▶ [WORK REQUIRED]:
The pictures in the listing below are to be skipped, while the lines between the line holding "Zum Verkauf steht" and the line holding "大衆気質ファッションシンプル", inclusive, are to be output exactly.

▶ [SOURCE MATERIAL]:

━━━

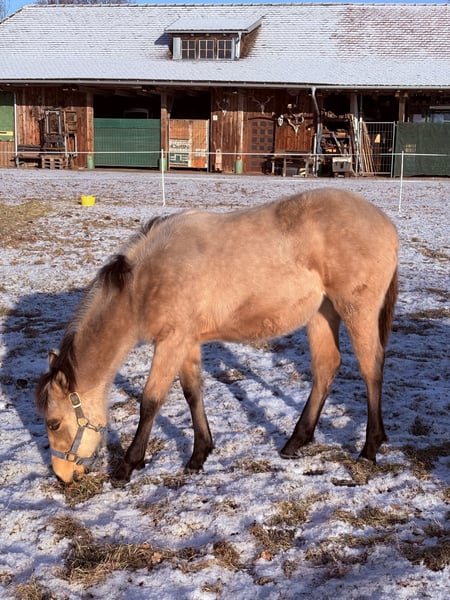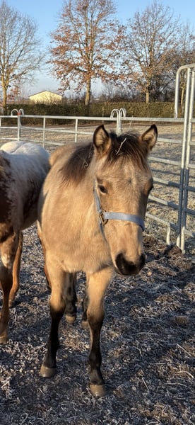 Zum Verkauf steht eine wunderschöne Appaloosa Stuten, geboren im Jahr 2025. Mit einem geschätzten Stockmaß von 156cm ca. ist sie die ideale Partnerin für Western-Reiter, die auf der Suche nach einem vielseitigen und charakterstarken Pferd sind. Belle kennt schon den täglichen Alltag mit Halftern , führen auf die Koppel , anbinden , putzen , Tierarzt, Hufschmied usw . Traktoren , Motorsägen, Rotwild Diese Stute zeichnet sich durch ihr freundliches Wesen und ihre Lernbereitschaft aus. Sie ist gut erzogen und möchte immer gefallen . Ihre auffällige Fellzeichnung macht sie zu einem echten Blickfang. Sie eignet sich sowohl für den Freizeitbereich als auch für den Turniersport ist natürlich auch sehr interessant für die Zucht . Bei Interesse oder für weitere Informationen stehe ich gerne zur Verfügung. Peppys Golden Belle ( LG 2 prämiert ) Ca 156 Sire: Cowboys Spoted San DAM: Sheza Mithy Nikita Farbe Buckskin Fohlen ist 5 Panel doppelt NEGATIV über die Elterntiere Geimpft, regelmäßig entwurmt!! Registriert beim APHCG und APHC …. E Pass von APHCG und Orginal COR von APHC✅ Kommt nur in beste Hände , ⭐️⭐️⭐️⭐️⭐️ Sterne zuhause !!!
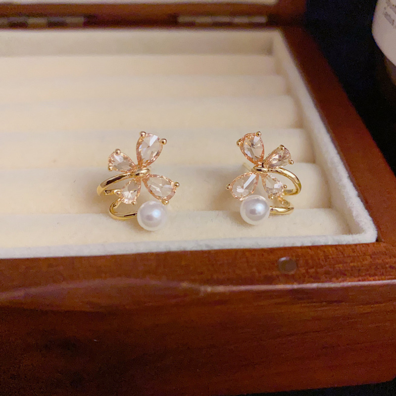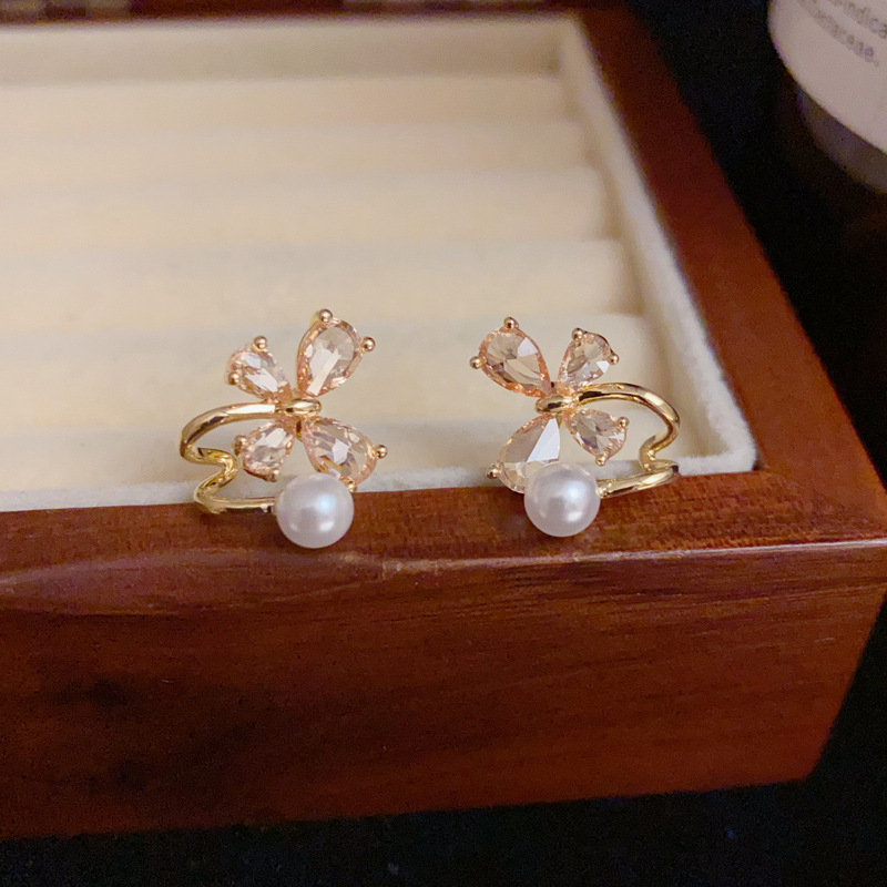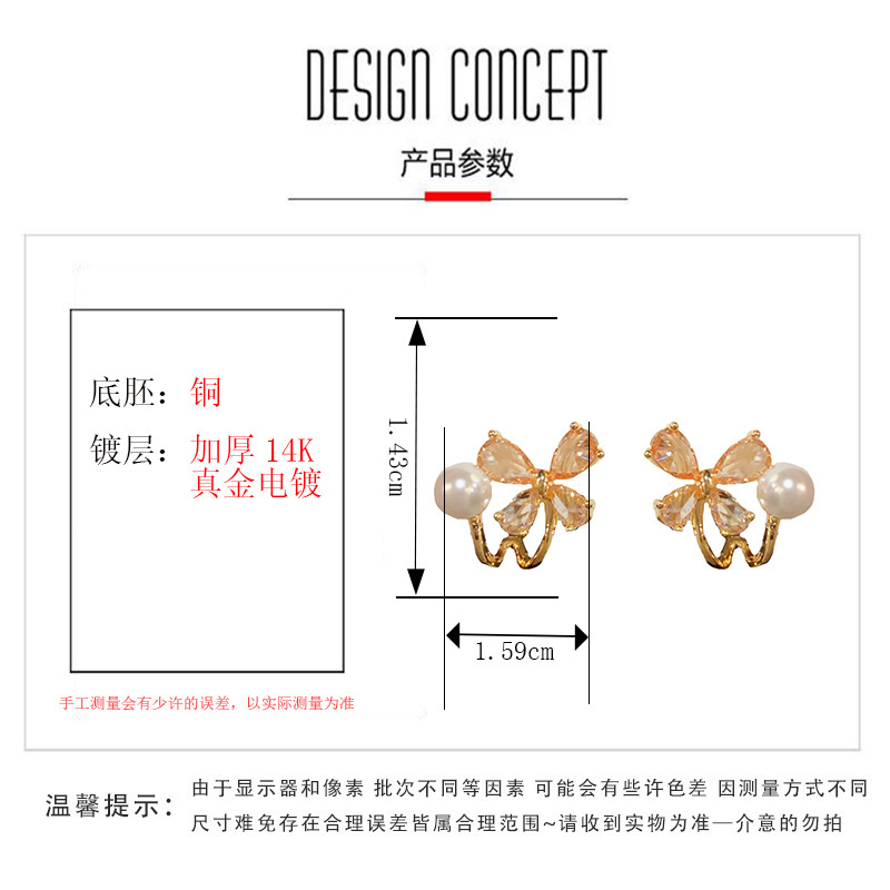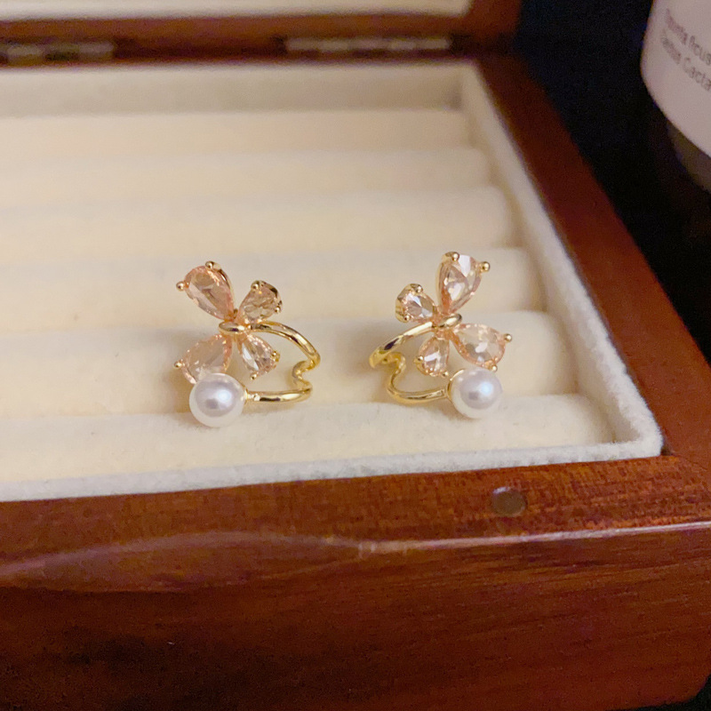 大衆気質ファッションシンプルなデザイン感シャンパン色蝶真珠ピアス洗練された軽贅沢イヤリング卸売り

━━━

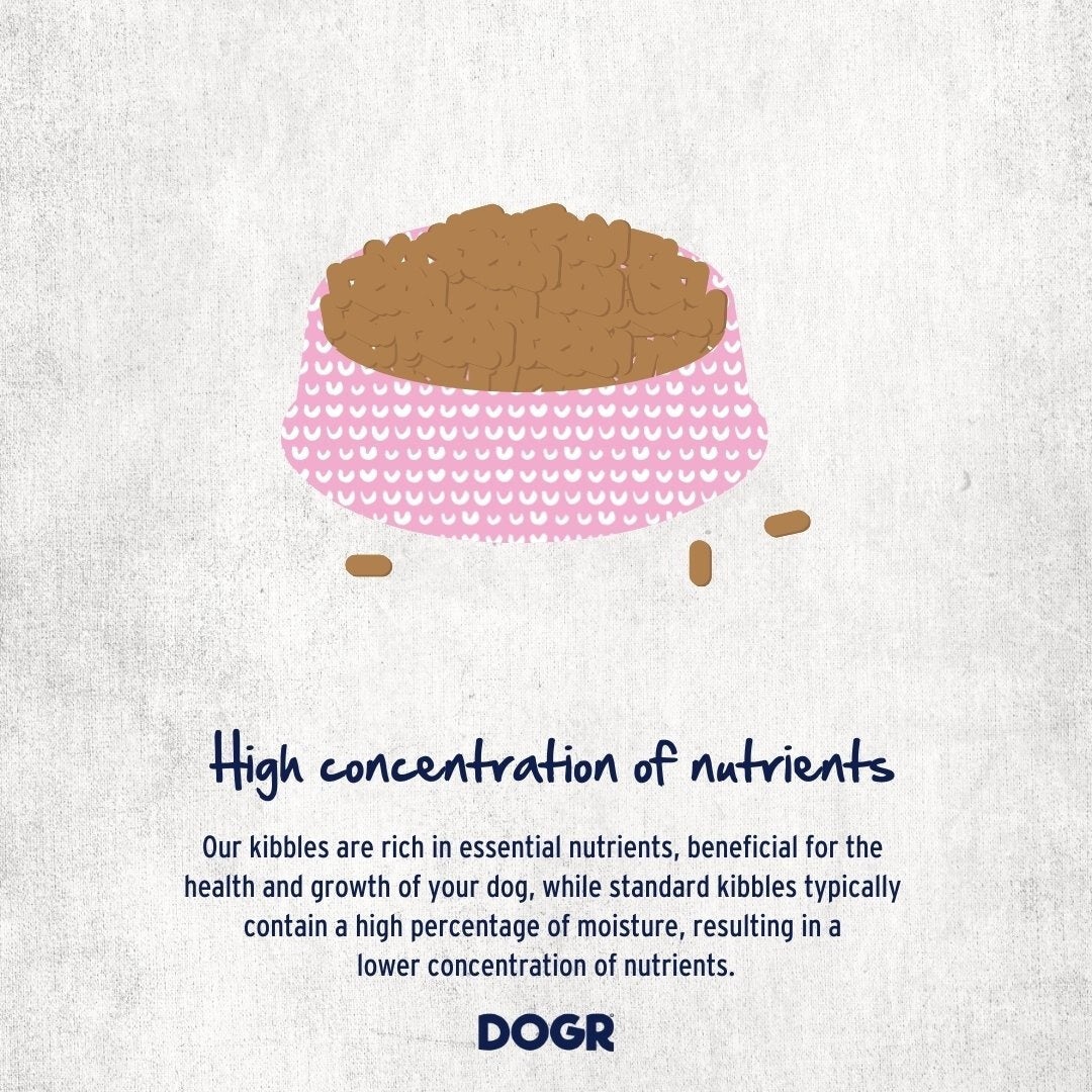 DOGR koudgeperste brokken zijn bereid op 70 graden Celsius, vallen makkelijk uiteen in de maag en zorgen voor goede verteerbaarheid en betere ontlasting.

━━━

▶ [OUTPUT BELOW]:
 Zum Verkauf steht eine wunderschöne Appaloosa Stuten, geboren im Jahr 2025. Mit einem geschätzten Stockmaß von 156cm ca. ist sie die ideale Partnerin für Western-Reiter, die auf der Suche nach einem vielseitigen und charakterstarken Pferd sind. Belle kennt schon den täglichen Alltag mit Halftern , führen auf die Koppel , anbinden , putzen , Tierarzt, Hufschmied usw . Traktoren , Motorsägen, Rotwild Diese Stute zeichnet sich durch ihr freundliches Wesen und ihre Lernbereitschaft aus. Sie ist gut erzogen und möchte immer gefallen . Ihre auffällige Fellzeichnung macht sie zu einem echten Blickfang. Sie eignet sich sowohl für den Freizeitbereich als auch für den Turniersport ist natürlich auch sehr interessant für die Zucht . Bei Interesse oder für weitere Informationen stehe ich gerne zur Verfügung. Peppys Golden Belle ( LG 2 prämiert ) Ca 156 Sire: Cowboys Spoted San DAM: Sheza Mithy Nikita Farbe Buckskin Fohlen ist 5 Panel doppelt NEGATIV über die Elterntiere Geimpft, regelmäßig entwurmt!! Registriert beim APHCG und APHC …. E Pass von APHCG und Orginal COR von APHC✅ Kommt nur in beste Hände , ⭐️⭐️⭐️⭐️⭐️ Sterne zuhause !!!
 大衆気質ファッションシンプルなデザイン感シャンパン色蝶真珠ピアス洗練された軽贅沢イヤリング卸売り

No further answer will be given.